Gemini Flash — every version

The full lineage of the Gemini Flash line, newest first. Every version has its own page — click any to compare specs, benchmarks and pricing.

VersionReleasedContextLicense
Gemini 3.5 Flashcurrent2026-05-19Proprietary
Gemini 3 Flash2025-12-17Proprietary
Gemini 2.5 Flash2025-04-17Proprietary
Gemini 2.0 Flash2025-01-30Proprietary
Gemini 1.5 Flash2024-05-14Proprietary

FAQ

When was Gemini 3 Flash released?

Google released Gemini 3 Flash on December 17, 2025, rolling it out to the Gemini app, AI Mode in Search, and via API through Google AI Studio, Vertex AI, Google Antigravity, and Gemini Enterprise. It launched as a preview model.

How much does Gemini 3 Flash cost?

Via the Gemini API it costs $0.50 per 1M input tokens and $3.00 per 1M output tokens, with audio input priced at $1.00 per 1M tokens. Automatic context caching can lower the effective cost for repeated content.

How does Gemini 3 Flash compare to Gemini 3 Pro?

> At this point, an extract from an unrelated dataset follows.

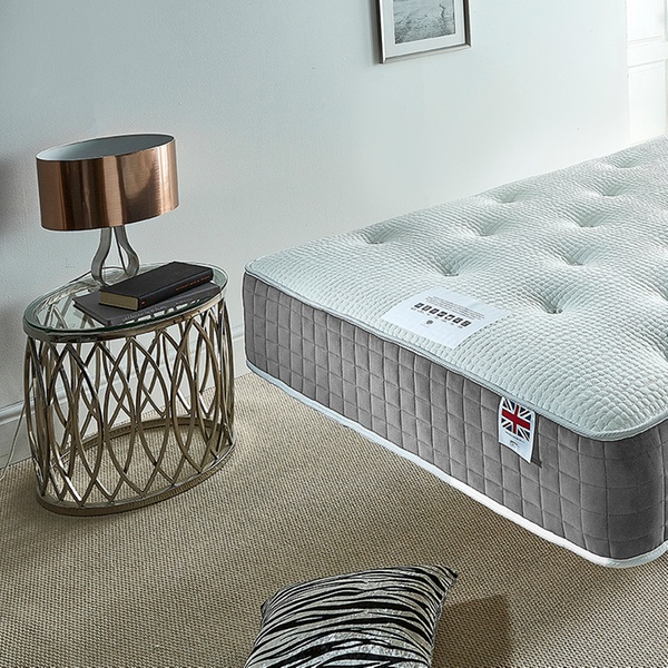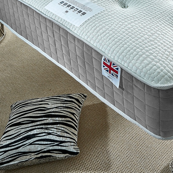 This mattress features a spring system topped with a layer of memory foam finished in a soft sophisticated grey border and tufted knit top
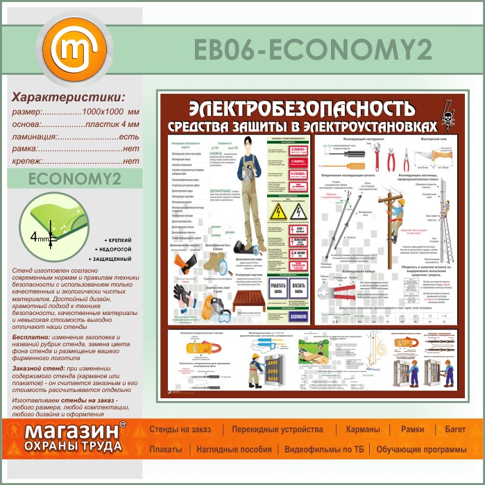 Стенд «Электробезопасность. Средства защиты в электроустановках» (EB-06-ECONOMY2) в Химках купить

Gemini 3 Flash is the faster, cheaper tier — roughly 3x faster than Gemini 2.5 Pro — yet stays close to Gemini 3 Pro on reasoning (90.4% GPQA Diamond, 81.2% MMMU-Pro). On Google's figures it actually beats Gemini 3 Pro on agentic coding, scoring 78% on SWE-bench Verified.

What inputs does Gemini 3 Flash support?

It accepts text, images, audio, video, and PDFs across a 1 million-token context window, and returns text output (up to about 64K tokens). It also supports configurable thinking levels, structured output, and function calling.